Он притянул к себе Пилу. Она благодарно прижалась к нему, наслаждаясь его теплом. Она прислонилась головой к его плечу и почувствовала, что ее тело налито тяжелой усталостью. Однако мысли ее странным образом вертелись вокруг прошлого. Ромелия! Валериус! Скульптор! Темница!
Картины прошлого, как мозаика, проходили перед ее внутренним взором. На душе у нее было тревожно. Ее жизнь резко изменилась. Ромелия больше была не одна, не сама по себе, она несла ответственность не только за себя.

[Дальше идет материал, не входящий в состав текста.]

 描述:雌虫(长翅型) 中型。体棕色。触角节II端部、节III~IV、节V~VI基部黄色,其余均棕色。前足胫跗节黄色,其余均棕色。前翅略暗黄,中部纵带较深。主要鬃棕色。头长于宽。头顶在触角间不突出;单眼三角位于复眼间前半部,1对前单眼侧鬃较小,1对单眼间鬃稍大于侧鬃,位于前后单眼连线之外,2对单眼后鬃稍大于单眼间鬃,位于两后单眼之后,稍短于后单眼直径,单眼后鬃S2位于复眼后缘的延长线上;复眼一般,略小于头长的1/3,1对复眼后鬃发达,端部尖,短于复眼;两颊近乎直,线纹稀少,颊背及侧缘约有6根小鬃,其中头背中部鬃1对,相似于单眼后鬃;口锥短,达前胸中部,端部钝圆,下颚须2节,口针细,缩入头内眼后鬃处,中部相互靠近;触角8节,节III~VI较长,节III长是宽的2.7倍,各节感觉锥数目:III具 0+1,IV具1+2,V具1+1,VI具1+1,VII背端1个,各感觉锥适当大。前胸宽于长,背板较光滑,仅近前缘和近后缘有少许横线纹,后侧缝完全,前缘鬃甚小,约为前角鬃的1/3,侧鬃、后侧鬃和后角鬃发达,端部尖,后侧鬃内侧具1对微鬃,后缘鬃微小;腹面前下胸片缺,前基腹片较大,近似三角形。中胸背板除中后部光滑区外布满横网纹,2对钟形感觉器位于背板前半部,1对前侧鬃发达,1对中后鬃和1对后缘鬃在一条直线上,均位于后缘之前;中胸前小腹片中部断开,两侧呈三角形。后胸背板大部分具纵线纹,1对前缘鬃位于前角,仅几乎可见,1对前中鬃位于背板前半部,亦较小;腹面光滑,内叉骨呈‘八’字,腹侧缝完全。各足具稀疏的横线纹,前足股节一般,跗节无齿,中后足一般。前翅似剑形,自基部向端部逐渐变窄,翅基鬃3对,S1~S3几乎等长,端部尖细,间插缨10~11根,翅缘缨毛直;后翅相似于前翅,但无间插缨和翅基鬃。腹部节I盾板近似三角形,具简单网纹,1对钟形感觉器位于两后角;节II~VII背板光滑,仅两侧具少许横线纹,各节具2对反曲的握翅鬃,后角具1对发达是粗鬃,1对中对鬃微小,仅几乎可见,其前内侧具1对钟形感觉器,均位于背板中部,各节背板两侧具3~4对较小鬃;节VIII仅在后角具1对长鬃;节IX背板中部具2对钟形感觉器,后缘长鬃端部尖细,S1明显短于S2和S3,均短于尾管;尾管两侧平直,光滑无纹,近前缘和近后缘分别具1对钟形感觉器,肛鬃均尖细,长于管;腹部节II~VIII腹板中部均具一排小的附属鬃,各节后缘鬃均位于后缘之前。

Рядом с ней был человек, который доверился ей, с которым она была связана в радости и в горе. Он спас ей жизнь, помог ей бежать, а теперь он бежал вместе с ней, отказавшись от своей прежней жизни, не зная, что его ожидает, что принесет ему будущее.

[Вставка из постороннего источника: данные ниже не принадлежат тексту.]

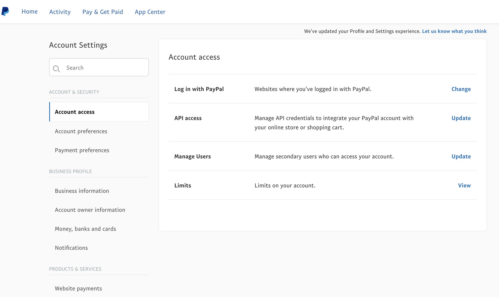 - Mene osoitteeseen: https://www.paypal.com/businessmanage/account/accountAccess
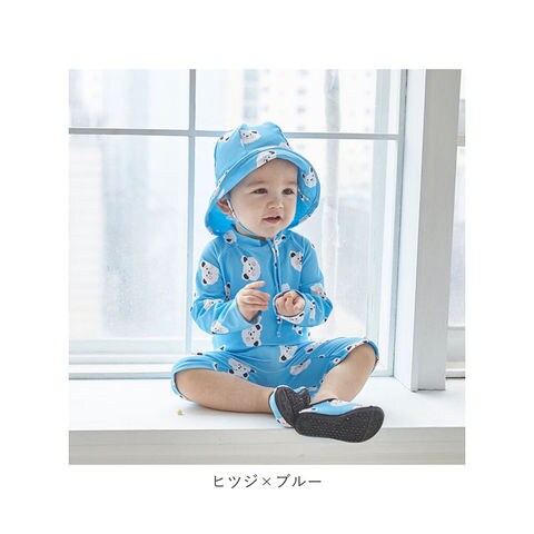 水着 キッズ キャップつき pmykswim005【ヒツジ×イエロー】【10(120-130cm)】
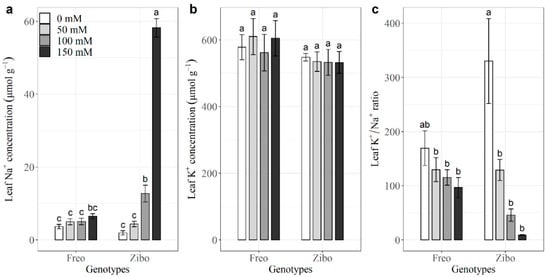 Leaf Na+ concentration in Zibo increased with increasing salinity levels (Figure 5a). For Freo, there were no significant differences between salinity treatments and the control for leaf Na+ concentrations. In the 100 mM and 150 mM NaCl treatments, Zibo had 1.5-fold and 7.9-fold higher leaf Na+ concentration than Freo, respectively, indicating that Freo was able to reduce Na+ concentration in leaf tissue compared to Zibo, thus showing a higher K+/Na+ ratio under salinity stress (Figure 5). For Freo and Zibo, leaf K+ concentrations did not significantly differ between salinity treatments and the control (Figure 5b). Salinity treatments decreased the leaf K+/Na+ ratio in Zibo, relative to the control (Figure 5c), but had no effect on the leaf K+/Na+ ratio of Freo.

Но разве они уже не были связаны судьбой с того самого мгновения, когда она на арене в Риме умоляла демонов подземного мира о помощи ему, или же еще раньше, когда она заглянула в его темно-голубые глаза.
– Ты сомневалась во мне, не правда ли, любимая? – Клаудиус, казалось, отгадал ее мысли и успокаивающе погладил ее по руке.
– Гм.
– Я сказал тебе однажды. Что бы ни случилось, никогда не забывай, что я тебя люблю.
– Я не забывала, – ответила она тихо.
– Но ты в это не верила.
– Гм, – Пила почти стыдилась своих мыслей, однако должна была признать, что она действительно считала Клаудиуса предателем. Она думала, что он предал ее в тот момент, когда судьба оказалась немилосердна к ним, не зная, что все это было его расчетливой игрой, когда он с невероятным самообладанием заключил ненавистную Ромелию в объятия и разыграл влюбленного кавалера.
Как трудно было ему проявить это самообладание, мог знать только он сам. Ему стоило сверхчеловеческих усилий не убить Ромелию, когда он держал ее в своих объятиях.
Он с удовольствием переломал бы ей все косточки, придушил бы ее, раздавил бы ее своими руками, однако эта смерть была бы для нее слишком легкой, слишком просто она ускользнула бы от ответственности за свои позорные деяния. Разочарование и ожесточение покинутой, ужасный момент, когда она обнаружит, что ее обошли, сведут ее с ума, отравят еще больше ее и без того злобный характер. Однако ему было ясно, что пока Ромелия жива, она останется постоянной опасностью для них обоих. Они должны покинуть Рим, чтобы сойти с пагубной орбиты, по которой движется жизнь озлобившейся женщины.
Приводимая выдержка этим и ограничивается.